Kepemimpinan juga membutuhkan kemampuan membangun relasi serta mengubah dukungan menjadi kolaborasi yang bermakna. Hal ini disampaikan oleh Evangli Jiferly Langkun, S.I.Kom., Corporate Relations Officer UPH, melalui sesi “Strategic Sponsorship”. Ia mengajak para student leaders memahami bahwa sponsorship bukan sekadar upaya mencari dukungan, melainkan proses membangun kemitraan strategis yang mampu menciptakan nilai bagi kedua belah pihak.

Jiferly menjelaskan bahwa sponsorship perlu dipahami sebagai hubungan yang saling menguntungkan sehingga organisasi perlu menawarkan manfaat yang jelas bagi mitra. Organisasi juga perlu membangun komunikasi dan negosiasi yang baik untuk mencapai kesepakatan yang memberikan manfaat bagi kedua belah pihak. Hubungan tersebut tidak berhenti setelah kegiatan selesai, tetapi perlu dijaga melalui pemenuhan komitmen dan penyampaian laporan kepada sponsor.

Sponsorship bukan tentang meminta bantuan, tetapi membangun kerja sama jangka panjang yang memberikan value bagi kedua belah pihak.

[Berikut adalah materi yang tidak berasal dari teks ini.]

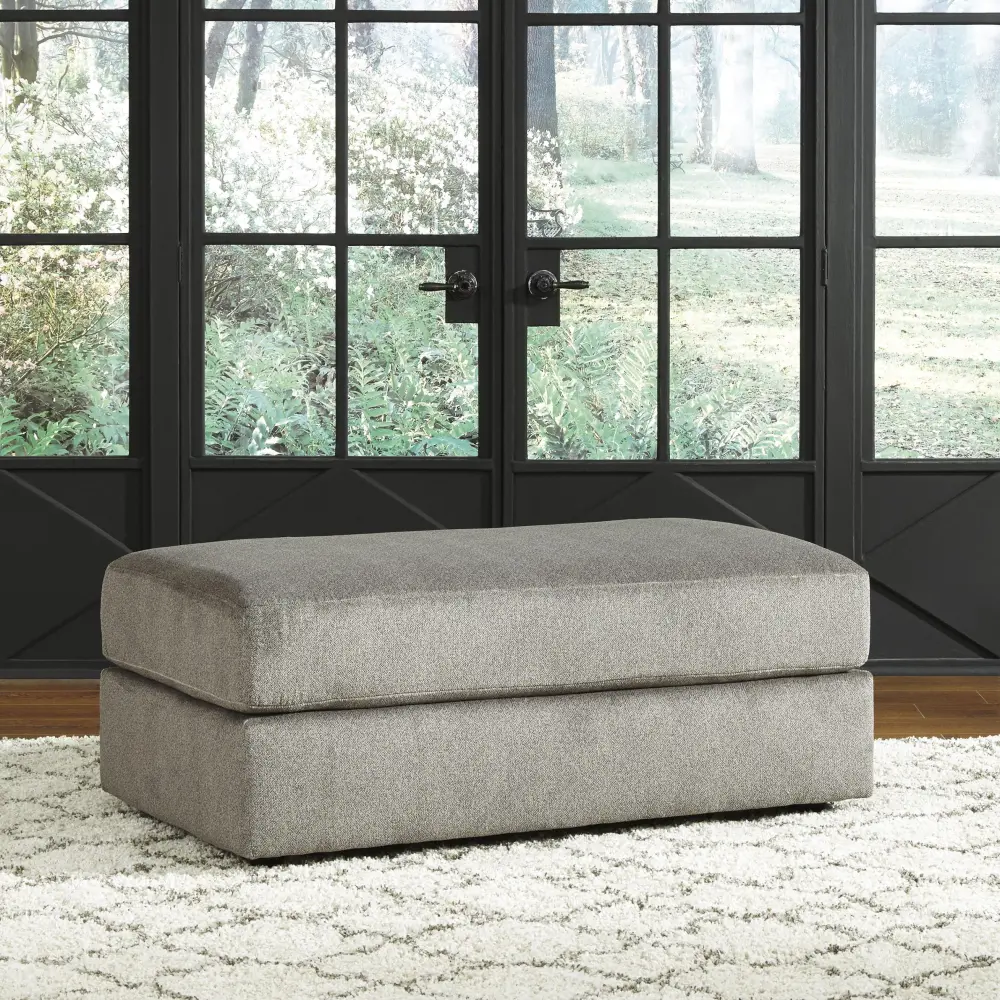 Flaunting a trendsetting silhouette, this oversized accent ottoman puts the contemporary in your contemporary home. Its ample surface space gives you elongated plushness for foot relaxation. And the velvety material fabric satisfies your need for a piece that feels as good as it looks.

Jadi, jangan hanya datang untuk meminta, tetapi pikirkan juga apa yang bisa kita berikan. Karena pada akhirnya, sponsorship bukan hanya tentang berapa banyak yang kita dapatkan, tetapi berapa besar value yang bisa kita ciptakan bersama,” ujar Jiferly.

Membawa Bekal SLC ke Perjalanan Organisasi

Bagi para student leaders, SLC 2026 menjadi ruang untuk memahami arah dan nilai UPH sekaligus memperkuat kesiapan dalam menjalankan tanggung jawab organisasi selama satu periode kepengurusan. Hal ini dirasakan Gwen Josephine Ho Lase, mahasiswa Hubungan Internasional 2024 sekaligus Ketua Majelis Perwakilan Mahasiswa (MPM) UPH periode 2026/2027, yang menilai pembekalan ini membantunya semakin siap menjalankan peran dan tanggung jawab sebagai pemimpin organisasi.

“Student Leaders Conference ini menjadi bekal penting bagi kami, terutama bagi leaders yang baru mulai menjalankan kepengurusan. SLC mengingatkan kembali pada visi dan misi UPH serta bagaimana organisasi kami menjadi bagian dari lingkungan UPH. Berbagai pembekalan yang diberikan juga membantu kami lebih siap menjalankan tanggung jawab, menghadapi proses selama satu tahun ke depan, dan menjalankan peran sebagai pemimpin dengan lebih percaya diri,” ujar Gwen.

Melalui SLC 2026, para student leaders mendapatkan pembekalan untuk memahami bahwa kepemimpinan berarti melayani, bertanggung jawab, bekerja sama, dan berkontribusi. Bekal tersebut menjadi langkah awal bagi mahasiswa untuk menjalankan perannya sebagai pemimpin organisasi dengan lebih siap. Hal ini sejalan dengan komitmen UPH untuk menghadirkan pendidikan holistis dan berbagai program pengembangan diri yang mampu mempersiapkan mahasiswa menjadi pemimpin masa depan yang takut akan Tuhan, unggul, dan berdampak bagi masyarakat.